Single by Duncan Laurence

from the album Small Town Boy and the EP Worlds on Fire
- Released: 23 October 2019
- Length: 2:51
- Label: Spark
- Songwriter(s): Duncan de Moor; Michelle Buzz; Robert Gerongco; Sam Farrar; Samuel Gerongco;
- Producer(s): Tofer Brown

Duncan Laurence singles chronology
| "Arcade" (2019) | "Love Don't Hate It" (2019) | "Someone Else" (2020) |

Music video
- "Love Don't Hate It" on YouTube

= Love Don't Hate It =

"Love Don't Hate It" is a song by Dutch singer-songwriter Duncan Laurence. It was released as a digital download on 23 October 2019 by Spark Records as the second single from his debut studio album Small Town Boy, the song also features on his debut EP Worlds on Fire. It is the follow-up to "Arcade", Laurence's winning entry at the Eurovision Song Contest 2019.

==Background==
Laurence previously stated that he did not want to rush out a follow-up to "Arcade", but rather take his time and wait until he found the right song. De Telegraaf announced on 14 October that fans that had attended Laurence's performance in Nijmegen were told the follow-up single would be "Love Don't Hate It". Laurence called it "a song about fighting for who you are and who you choose to love" and his "answer against the hate in the world, that will always keep trying to break down what we crave most: love".

==Live performance==
Duncan premiered the song on Dutch television during De Wereld Draait Door on 23 October.

== Music video ==
A music video for "Love Don't Hate It" was released on 8 November.

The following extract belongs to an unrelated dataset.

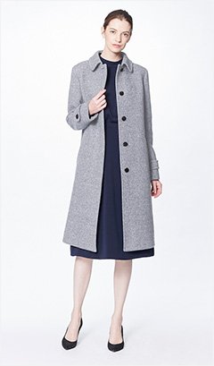 ざっくりとした風合いのバスケット組織で織り上げた素材を使用したステンカラーコート。ボリューム感がありながら、軽くて柔らかい風合いが特徴の糸を使用し、ランダムな杢調のカラーミックスを表現しました。特徴ある素材感を活かし、シルエットにこだわりデザインはシンプルに仕上げました。着丈は97㎝でスカートにもパンツにもバランス良く合わせていただけます。通勤からお出かけまで多くのシーンで着ていただける汎用性のあるコートです。 同ブランド11月度売上着数ベスト1位の商品。(11月16日付全国紙タブロイド版広告を掲載、効果大)

Directed by Ed Sayers of Seven Productions, it features Laurence in a dark area, singing amongst red lights and celluloid film effects. Bryan Kress of Billboard wrote, "With so much on the line, [Laurence] looks every bit prepared to lead the way and fight to the end." In an interview with Promonews, Sayers explained the process to achieve the video's effects: "A pretty singular approach with a mix of hard and soft dynamic lighting using white and red lights and a host of special flare lens to fire firey light down the barrel and onto Super 16mm film and a little Super 8mm."

==Personnel==
Credits adapted from Tidal.
- Tofer Brown – Producer, associated performer, background vocalist, engineer, guitar, piano, programmer, studio personnel
- Duncan de Moor – Composer, lyricist, associated performer, vocals
- Michelle Buzz – Composer, lyricist
- Robert Gerongco – Composer, lyricist
- Sam Farrar – Composer, lyricist, associated performer, guitar, programmer
- Samuel Gerongco – Composer, lyricist
- Ilse DeLange – Associated performer, background vocalist
- Tijmen Zinkhaan – Engineer, studio personnel
- Frank Arkwright – Mastering engineer, studio personnel
- Cenzo Townshend – Mixer, studio personnel
- Andy Selby – Studio personnel, vocal editing

==Charts==

===Weekly charts===

| Chart (2019–2020) | Peak position |
|---|---|
| Belgium (Ultratip Bubbling Under Flanders) | 3 |
| Netherlands (Dutch Top 40) | 6 |
| Netherlands (Single Top 100) | 41 |

===Year-end charts===

| Chart (2019) | Position |
|---|---|
| Netherlands (Dutch Top 40) | 99 |
| Chart (2020) | Position |
| Netherlands (Dutch Top 40) | 53 |

==Certifications==

| Region | Certification | Certified units/sales |
| Netherlands (NVPI) | Gold | 40,000^{‡} |
^{‡} Sales+streaming figures based on certification alone.